**Action item**. In your copy, leave out the pictures; write out all the data exactly.

━━━━━ Material provided ━━━━━

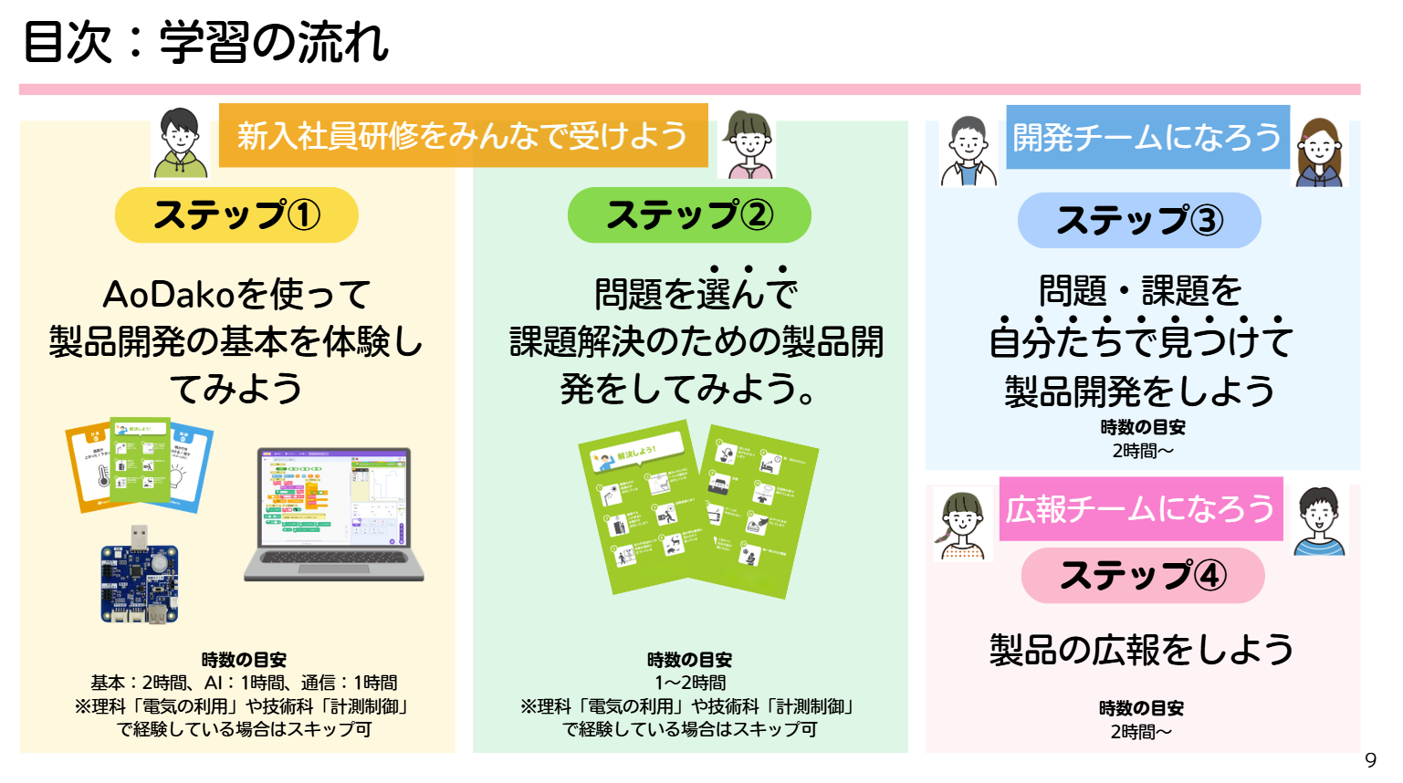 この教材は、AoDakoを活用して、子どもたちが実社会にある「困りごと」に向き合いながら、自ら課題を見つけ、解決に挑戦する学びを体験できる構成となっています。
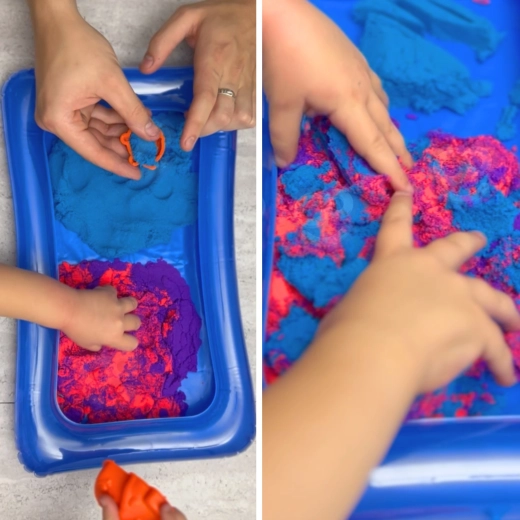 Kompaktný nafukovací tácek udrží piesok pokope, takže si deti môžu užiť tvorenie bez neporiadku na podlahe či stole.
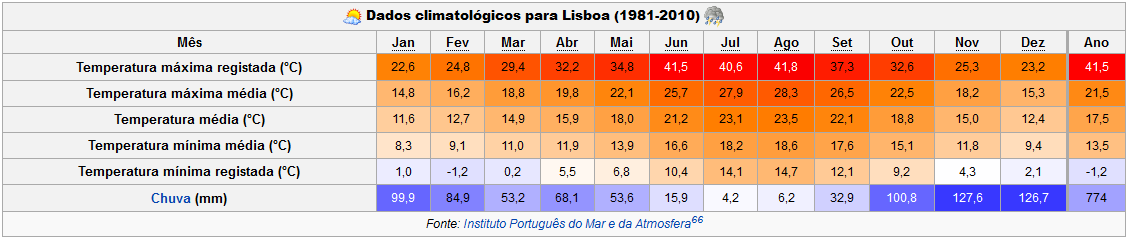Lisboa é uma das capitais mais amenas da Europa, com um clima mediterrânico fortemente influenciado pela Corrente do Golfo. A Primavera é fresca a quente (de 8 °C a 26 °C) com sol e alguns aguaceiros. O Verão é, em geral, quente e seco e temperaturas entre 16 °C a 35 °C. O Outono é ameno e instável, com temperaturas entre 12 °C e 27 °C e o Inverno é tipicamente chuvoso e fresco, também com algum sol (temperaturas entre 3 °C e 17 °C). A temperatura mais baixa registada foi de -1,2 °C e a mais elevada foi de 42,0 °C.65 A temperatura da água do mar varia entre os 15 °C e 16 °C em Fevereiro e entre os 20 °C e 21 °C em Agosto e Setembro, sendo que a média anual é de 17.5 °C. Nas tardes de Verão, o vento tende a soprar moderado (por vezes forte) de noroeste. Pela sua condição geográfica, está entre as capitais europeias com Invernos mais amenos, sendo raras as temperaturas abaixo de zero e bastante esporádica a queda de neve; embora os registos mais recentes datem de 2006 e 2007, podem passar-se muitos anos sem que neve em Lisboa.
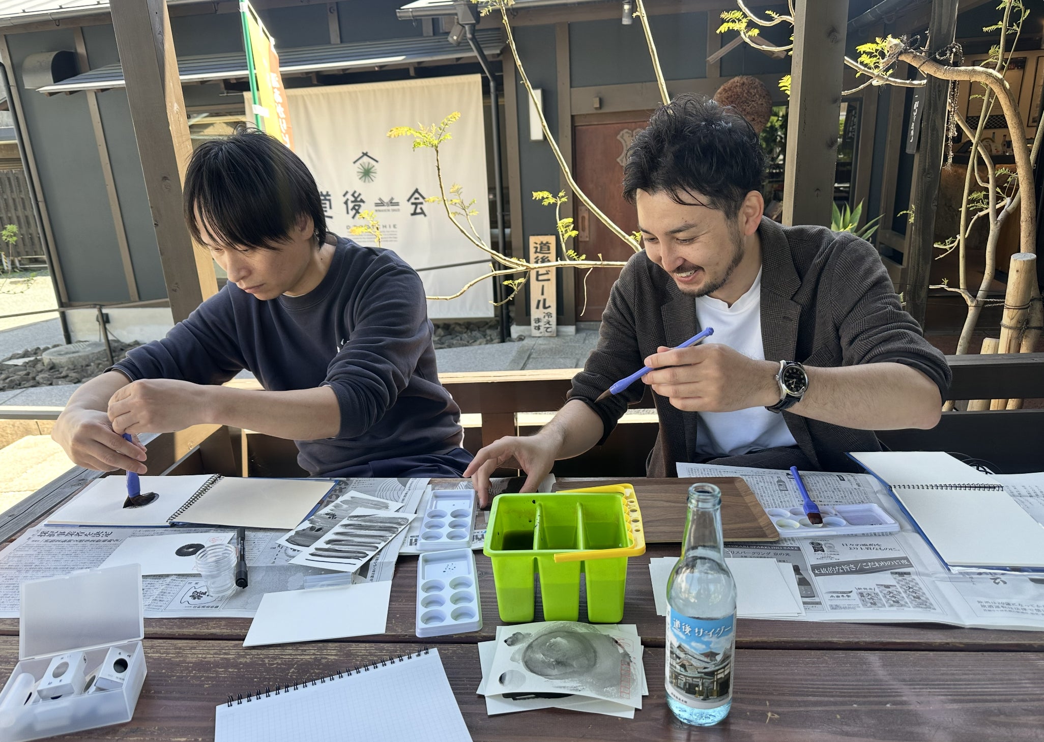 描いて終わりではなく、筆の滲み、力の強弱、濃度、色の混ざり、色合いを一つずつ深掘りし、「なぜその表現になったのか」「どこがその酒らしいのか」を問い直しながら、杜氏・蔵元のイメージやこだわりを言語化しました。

━━━━━

**Solution for this problem**.
 この教材は、AoDakoを活用して、子どもたちが実社会にある「困りごと」に向き合いながら、自ら課題を見つけ、解決に挑戦する学びを体験できる構成となっています。
 Kompaktný nafukovací tácek udrží piesok pokope, takže si deti môžu užiť tvorenie bez neporiadku na podlahe či stole.
Lisboa é uma das capitais mais amenas da Europa, com um clima mediterrânico fortemente influenciado pela Corrente do Golfo. A Primavera é fresca a quente (de 8 °C a 26 °C) com sol e alguns aguaceiros. O Verão é, em geral, quente e seco e temperaturas entre 16 °C a 35 °C. O Outono é ameno e instável, com temperaturas entre 12 °C e 27 °C e o Inverno é tipicamente chuvoso e fresco, também com algum sol (temperaturas entre 3 °C e 17 °C). A temperatura mais baixa registada foi de -1,2 °C e a mais elevada foi de 42,0 °C.65 A temperatura da água do mar varia entre os 15 °C e 16 °C em Fevereiro e entre os 20 °C e 21 °C em Agosto e Setembro, sendo que a média anual é de 17.5 °C. Nas tardes de Verão, o vento tende a soprar moderado (por vezes forte) de noroeste. Pela sua condição geográfica, está entre as capitais europeias com Invernos mais amenos, sendo raras as temperaturas abaixo de zero e bastante esporádica a queda de neve; embora os registos mais recentes datem de 2006 e 2007, podem passar-se muitos anos sem que neve em Lisboa.
 描いて終わりではなく、筆の滲み、力の強弱、濃度、色の混ざり、色合いを一つずつ深掘りし、「なぜその表現になったのか」「どこがその酒らしいのか」を問い直しながら、杜氏・蔵元のイメージやこだわりを言語化しました。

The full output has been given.